Id., Ex. J at 2. The USPC disagreed, however, noting "that the instability of [petitioner's] employment record indicates an increased likelihood that [he] will engage in criminal behavior and that continued supervision [was] necessary to monitor [his] compliance." Id., Ex. L (Notice of Action dated September 2, 2011). Petitioner's appeal to the National Appeals Board was unsuccessful. See Fed. Opp'n, Ex. M (Notice of Action on Appeal dated December 12, 2011).

Subsequently, on the realization that it lacked authority to terminate parole supervision of a person sentenced under the UCMJ, the USPC referred to the Naval Clemency and Parole Board ("NC&PB") a supervision report for the period from April 6, 2010 through May 1, 2012, and a motion for early termination of parole supervision submitted by petitioner's counsel. See id., Exs. O-P (respectively, Letter to USPC from John F. Murphy, Federal Defender Program. U.S. District Court for the Northern District of Illinois, dated May 15, 2012 with attachments, and Letter to Michael Pentangelo, Supervision Officer, Northern District of Illinois, from Corey D. Mitchell, Case Analyst, USPC, dated June 19, 2012).
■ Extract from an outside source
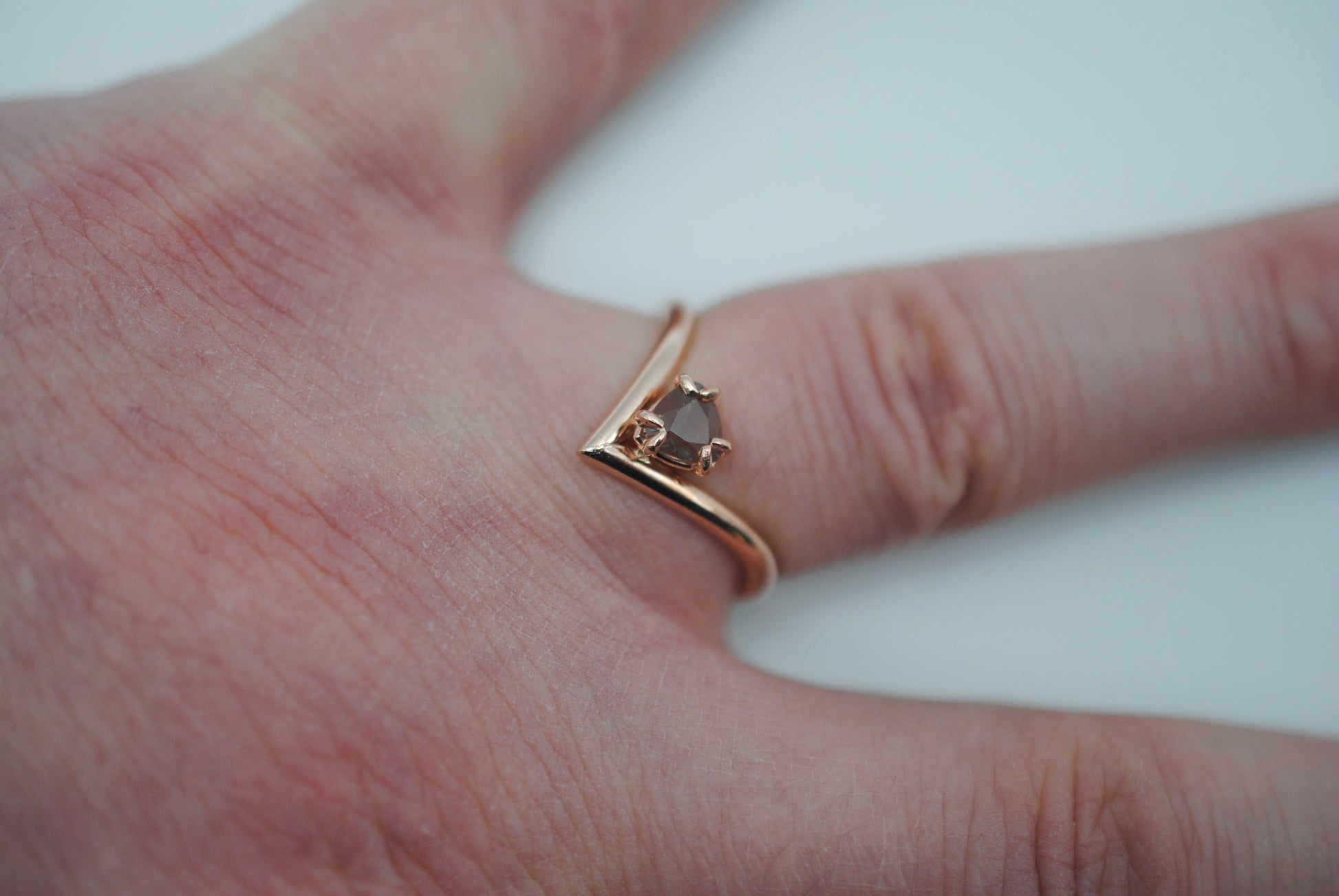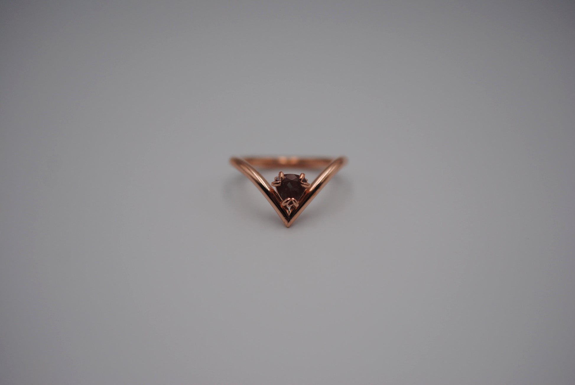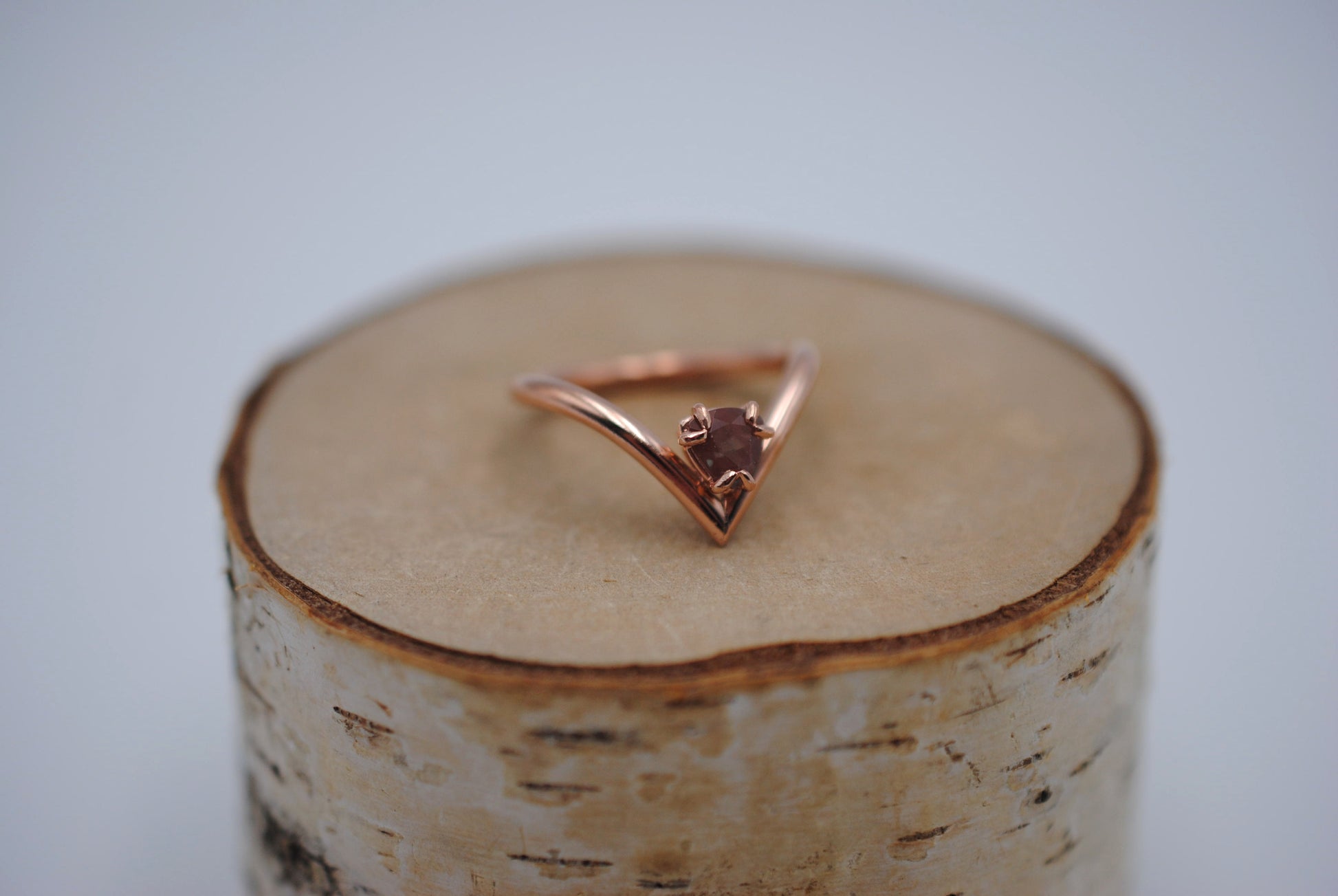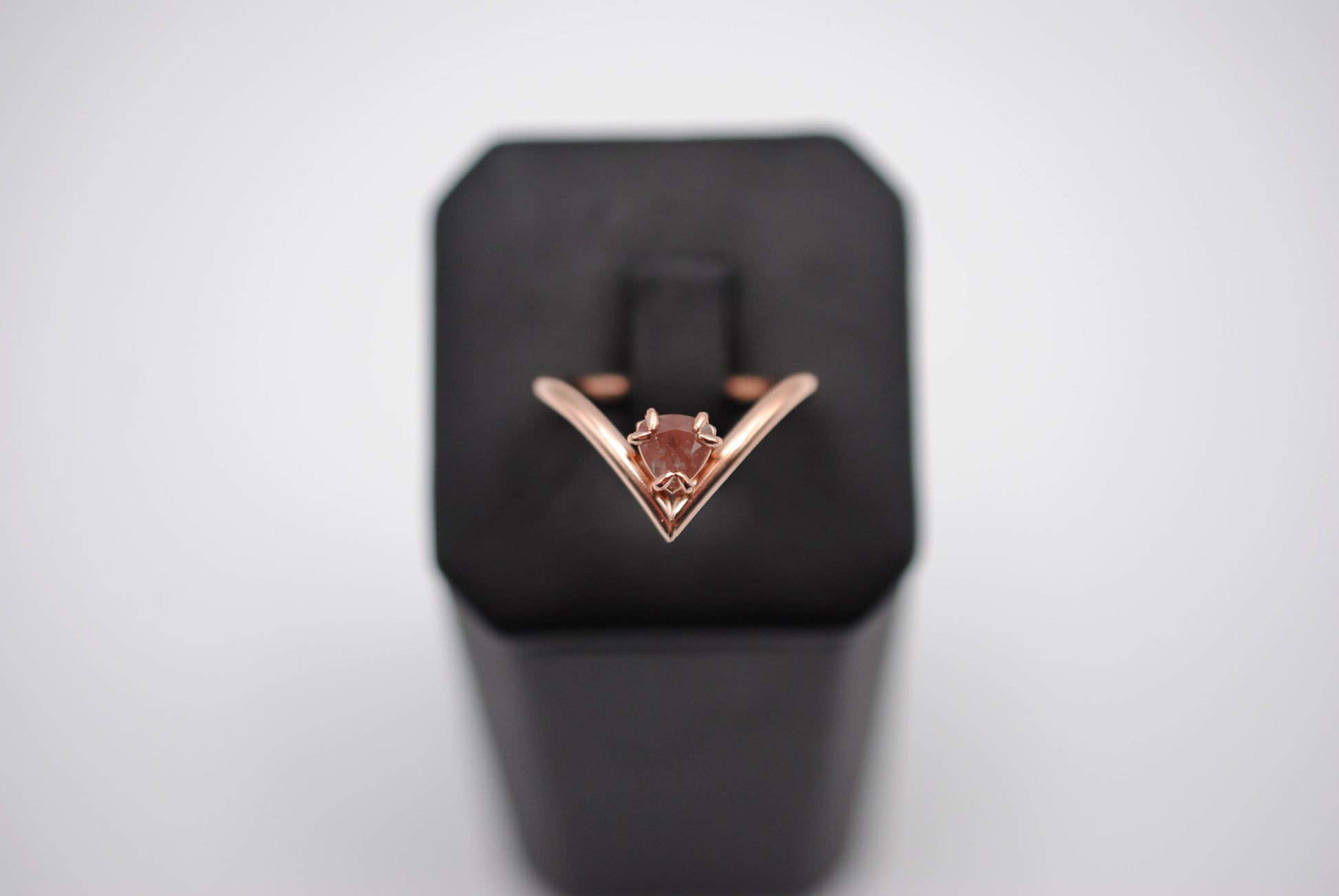 Oregon Sunstone Ring: Trillion Cut, Chevron, Rose Gold Fill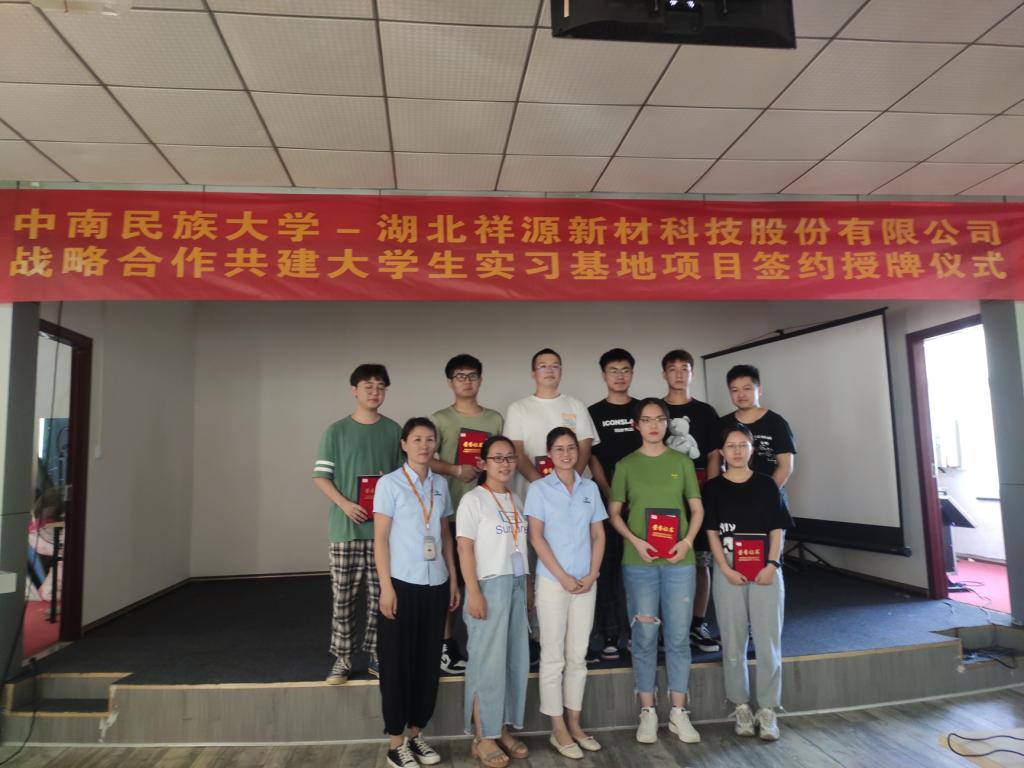 2021年7月19日,中南民族大學和湖北祥源新材科技股份有限公司隆重舉辦了戰略合作共建大學生實習基地項目簽約授牌儀式。出席儀式的有中南民族大學化學與材料學院鄧行書記、組織員張青、郭暉副書記及祥源新材各部門領導代表。會上,公司代表對中南民族大學師生一行表示熱烈歡迎和衷心感謝,并表示將以高度的責任感和使命感將祥源新材打造成一流的實習實踐基地。鄧行書記代表學校和學院對中南民族大學與祥源新材的合作表達了強烈信心,并對此次實習的學生提出了殷切的希望,希望大家實習期間深入企業,將理論知識與生產實踐相結合,更好的服務社會,成為社會主義現代化的建設者和接班人。

Petitioner submitted to the NC&PB requests for clemency in July 2012 and September 2013. Id., Exs. Q & T (respectively, NC&PB Parolee Clemency Request Statements dated July 27, 2012 and September 19, 2013). Notwithstanding petitioner's "satisfactory adjustment to supervision, " stable employment and completion of sex offender treatment in 2010, id., Ex. R (Naval Clemency and Parole Board Supervision Report dated April 7, 2012) at 2, early termination of parole was not recommended due to United States Probation Office policy with respect to sex offenses, id., Ex. R at 1; see id., Exs. U & W (respectively, Naval Clemency and Parole Board Supervision Reports dated September 24, 2013 and January 15, 2014). His parole officer stated:

The first 2-3 years of his period of supervision were somewhat contentious in that he had... a difficult time transitioning to his status as a sex offender and accepting/dealing with the shame that he experienced as a result. This did not translate into specific noncompliance per say [sic], but rather manifested more specifically in his ability to emotionally adjust. It took him some time to obtain legitimate employment. He seemed to want to avoid certain interactions that would require him to face the fact that he is a convicted sex offender and with that[] comes a very negative stigma. He worked on this issue in treatment and came to a broader resolution and acceptance that appears to have allowed him to move forward in accepting responsibility for what this label brings and how he must manage it accordingly. He has been employed steadily..., is a home owner, and appears to remain somewhat active in his community partaking in church sponsored events. He seems to have a stable relationship with his wife.... Although his adjustment to supervision has been without obvious issue for the past 3 years or so, my office restricts me from making a recommendation for early termination based solely on his offense, notwithstanding the notion that he remains compliant with supervision... and appears to be... cooperating with the legal restrictions set forth in his judgment. His adjustment to supervision is satisfactory.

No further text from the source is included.